Communication is key.
That’s sort of a running joke we have where I work, among our team. We find that if we don’t stay in contact with each other throughout the day, then things get missed, or things get done… twice. But if we update each other from time to time, then our day runs more smoothly and the work all gets done… once.
Of course, the idiom that communication is key is no joke at all. Communication is key in marriages, friendships, parent/child relationships, and… well… in every single relationship there is. It’s even key in our relationship with our heavenly Father. God knew this to be true and came up with the Bible as His best, and most reliable form of communication with us. Sharing of information keeps us connected in relationships.
Last week, in “Eighteen is No Magic Number”, I talked about how as our kids grow up and out, we can’t cut the apron strings too soon. While they will need more and more freedoms as they grow up, our kids will still need to communicate with us.
Not too long ago, one of my teenagers was sulking around the house like his dog had died. Since we don’t have a dog, I knew it had to be something else. I poked, prodded, and begged my kid to tell me what was going on. This was not their normal behavior. I even enlisted another of their siblings to help me figure out what was going on. In the end, it was just a short season of the doldrums, and soon my teenager was back to normal.
Apparently they told a friend about my diligence in trying to find out what had been troubling them. I was sad to hear that their friend said, “My parents never ask me how I’m doing.” That one made me sad. Really? Never? That’s just a regular question around our house.
I was talking with a friend once and mentioned something that one of my other teens had shared with me. She stopped me and said, “They really tell you everything, don’t they?” She went on to tell me that she had no idea what was going on with hers, they never told her anything
We have a culture of communication in our home. It’s just always been there. We do not value secrets. There is nothing I have that Matthew does not have access to and vise versa. There is no subject in our lives that is taboo. Nothing our kids cannot approach us about.

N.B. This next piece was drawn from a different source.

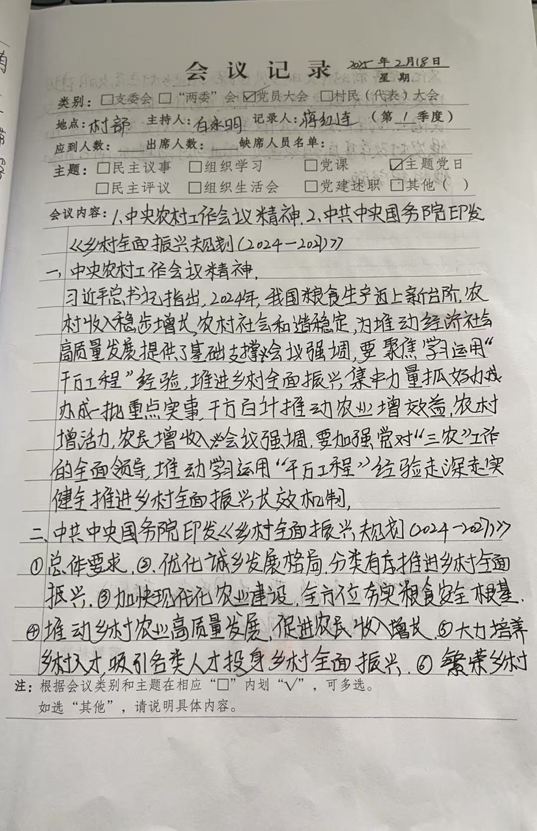 2025年2月18日主题当日活动,参会人员7人,党支部书记白永明组织党员学习(1中央农村工作会议精神 , 2中共中央国务院印发乡村全面振兴规划2024——2027)

Do our kids really tell us EVERYTHING? Likely not. But they CAN. And they do tell us most things. Sometimes what they tell us is hard to hear. Sometimes I want to put my hands over my ears and start singing to block it out. But I don’t. They need a safe place to fall, and I want to be that place. Our kids know that we will walk through whatever we need to walk through with them.
Is your home a place of secrets or a place of openness and clear communication? Are there subjects that are off limits? Or can your kids come to you with anything? If you haven’t fostered an environment of openness all along, it may take some doing to turn that ship around, but you can. You can start by just being available when they want to talk. Just beware, that for teens, that could mean some late night conversations… And prepare yourself to hear whatever it is they need to tell you. And then walk with them through it. Pretty soon, you’ll find that communication with your kids changes everything. It really is key.